Both ML and yourselves want to affiliate and I would be made up if you were in the SLP, but at the same time we are trying to build a party not an affiliation of groups.
We’ve applied to affiliate because the constitution already has an affiliate structure. Now I am in favour of a democratic centralist party, but am willing to work in a disciplined way in a federal-type party to further the struggle for working class organ-isation and socialism. The constitution allows some groups to affiliate and not others.
I do fundamentally agree that all of us who have the same objectives need to come together.
The SLP initially gave that opportunity, as with the formation of the CPGB when different groups came together to thrash out their disagreements and form one party. That opportunity was set back when the SLP then set itself up in separation to the other existing revolutionary organ-isations.
In the dockers’ struggle I accept majority decisions, even if I don’t agree with them, as the groups which formed the CPGB did, but I do not think the conditions exist for organisations to come together and accept that discipline at the moment. The divisions run too deep. Good socialists in some groups still talk about the Soviet Union as if it still exists.
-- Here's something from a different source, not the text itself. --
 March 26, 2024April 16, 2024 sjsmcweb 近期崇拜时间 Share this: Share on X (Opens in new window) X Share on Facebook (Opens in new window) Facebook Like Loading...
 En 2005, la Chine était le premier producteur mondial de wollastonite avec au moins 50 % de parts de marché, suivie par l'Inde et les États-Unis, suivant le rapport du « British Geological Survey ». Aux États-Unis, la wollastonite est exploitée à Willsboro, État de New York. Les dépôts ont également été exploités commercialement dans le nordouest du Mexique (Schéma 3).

They’re not living in the reality of today and facing those tasks.
That is the problem we have tried to address by arguing that socialists should come together around a common programme of action for today and as long as that discipline exists differing views can be argued out. I’m not saying that is an easy move for the left to make, but certainly one that should be fought for.
I certainly hope those discussion amongst the various groups do and will go on. There will be a lot of discontent under a Labour government. At the moment we are still up against the argument that we must get rid of the Tories, but the situation will be much more volatile after the election.
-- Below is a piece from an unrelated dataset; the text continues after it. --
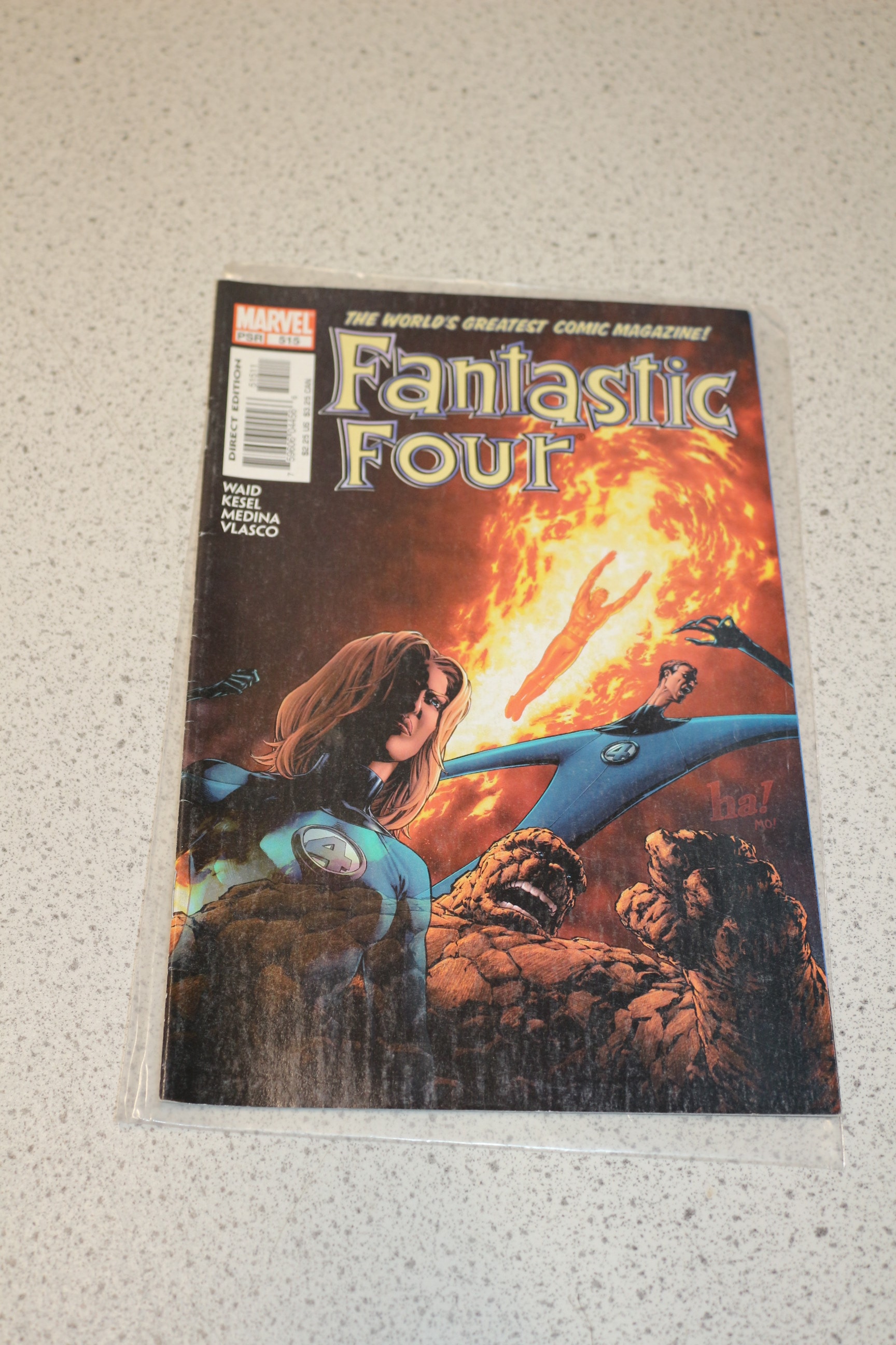 A Marvel Fantastic Four comic book, PSR 515, a Direct Edition, with a cover featuring characters in blue, orange, and brown against an orange background, displaying text ‘WAID KESEL MEDINA VLASCO’ and a price of $2.25 US / $3.25 CAN.

Having said that, I agree that we must bring together the best fighters for the class now and many of them are in existing organisations. ML is particularly strong in Liverpool. But we do have an ideological problem. I think ML and yourselves should join and maybe that means affiliation. Then ideological differences can be discussed and changed in the CSLPs and at conference.
There is no doubt that elements of the constitution need to be examined carefully and maybe changed. I have been recruited to the principle of the SLP and have not examined the constitution in detail: for example, the year’s residency clause in the constitution is being opposed and needs to be examined.
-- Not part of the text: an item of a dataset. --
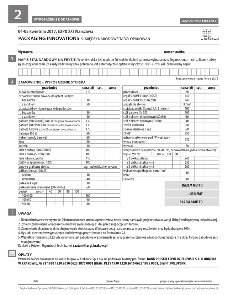 2 WYPOSAŻENIE DODATKOWE odesłać do 03.03.2017 04-05 kwietnia 2017, EXPO XXI Warszawa PACKAGING INNOVATIONS 9. MIĘDZYNARODOWE TARGI OPAKOWAŃ Wystawca ............................................................................................................................................................... numer stoiska ....................................... 1 2 NAPIS STANDARDOWY NA FRYZIE. W cenie stoiska jest napis do 20 znaków (kolor i czcionka wybrana przez Organizatora) – nie są liczone odstępy między wyrazami. Za każdy dodatkowy znak pobierana jest automatycznie opłata w wysokości 10 zł + 23% VAT. Zamawiamy napis: Inne zamówienia – patrz form. 6 pkt. 2 ZAMÓWIENIE – WYPOSAŻENIE STOISKA przedmiot cena (zł) szt. suma drzwi harmonijkowe 110 drzwiczki szklane suwane do gablot i witryn: bez zamka 30 z zamkiem 50 drzwiczki drewniane suwane do podestów: bez zamka 30 z zamkiem 50 gablota (50x50x100) szkło 20 cm, jedna strona otwarta 130 gablota (100x50x100) szkło 20 cm, jedna strona otwarta 130 gablota łukowa szkło 20 cm. jedna strona otwarta 170 halogen 100 W 60 hoker (krzesło barowe) 60 kosz 20 krzesło 30 lada z półką (100x50x100) 100 lada z półką (50x50x100) 100 lada łukowa z półką 110 lodówka (pojemność: 120l) 180 oprawa graficzna stoiska wg. indywidualnej wyceny półka ścienna (100x27) szklana 40 drewniana 40 półka na książki 30 półka narożna drewniana (50x50x66) 60 podest wys.= 40 60 80 100 100x100 100 100x50 90 50x50 80 ! przedmiot cena (zł) szt. suma przedłużacz 20 regał 5 półek (100x50x250) 140 regał 5 półek (50x50x250) 140 sprzątanie stoiska 8 / m2 stojak na ulotki (format A4, 6 miejsc) 100 stół barowy (śr. 50) 100 stół z blatem drewnianym (80x80) 60 stół z blatem szklanym (70x70) 40 szafka kuchenna 60 ścianka działowa 1 mb 60 TV 42” 750 uchwyt systemowy pod TV wystawcy 150 wraz z montażem wieszak 20 witryna (szkło na wysokości 80-200 cm, bez oświetlenia, jedna strona otwarta): wys= 250 cm szer.= 100 50 z 1 półką szklaną 240 z 2 półkami szklanymi 250 z 3 półkami szklanymi 260 wykładzina podłogowa extra 1 m2 30 kolor ................................................... zasłonka 30 RAZEM NETTO +23% VAT RAZEM BRUTTO UWAGA! 1. Niestandardowe elementy stoiska (element obrotowy, struktura przestrzenna, rastry, lustro, nadstawki, projekt stoiska w wersji 3D itp.) według wyceny indywidualnej. 2. Zmiany zamówienia wyposażenia możliwe są najpóźniej 21 dni przed rozpoczęciem targów. 3. Zamówienia składane w dniu obejmowania stoiska przez Wystawcę będą realizowane w miarę możliwości oraz będą droższe o 50%. 4. Rysunki elementów wyposażenia dodatkowego przedstawiono na formularzu 2A. 5. Wszystkie materiały, z których wykonana jest zabudowa oraz elementy jej wyposażenia stanowią własność Organizatora (na okres targów zabudowa jest wynajmowana). Kontakt z Działem Organizacji Technicznej: [email protected] OPŁATY Płatności należy dokonywać na konto Targów w Krakowie Sp. z o.o. na podstawie faktury pro-forma: BANK POLSKIEJ SPÓŁDZIELCZOŚCI S.A. II ODDZIAŁ W KRAKOWIE, Nr 21 1930 1220 2610 0623 1875 0001 (IBAN: PL21 1930 1220 2610 0623 1875 0001, SWIFT: POLUPLPR) data pieczęć firmy podpis osoby upoważnionej do zawierania umów Targi w Krakowie Sp. z o.o., 31-586 Kraków, ul. Galicyjska 9, tel. (+4812) 6519524, (+4812) 6519525, fax (+4812) 6519522, e-mail: [email protected], www.packaginginnovations.pl

But we need a democratic centralist party that is strong through democracy and can educate and develop our class politically building on that politicisation which takes place in economic struggle. I have been in the wilderness since the Democratic Left was formed. I did not leave the CPGB really: it left me. Unfortunately I did not know of your organisation. I’m interested in forging a party that can transform society and that’s the chance I see with the SLP.
Nobody wants a Labour Party Mark II or another bureaucratic organisation. The membership will ensure that does not happen.
Do you think there is an argument to be had about the nature of the transformation of society. Some people for instance want to stop at socialism, whereas I see it as a transitional stage towards communism and the full liberation of humanity?
I agree with that, but at the moment we are fighting for the transition, and that means state power and the control of the economy. We have learnt from the Soviet Union that the transition to communism must be international. Socialism in Britain cannot exist on its own. It is a struggle against imperialism, which is a revolutionary one. The SLP says that parliament is there to be used, but does not say that it can bring socialism.
The dockers have already shown there is a basis for internationalism, but it has to be organised politically as well. We have to raise the sights of the working class far beyond the limits of just another Labour government.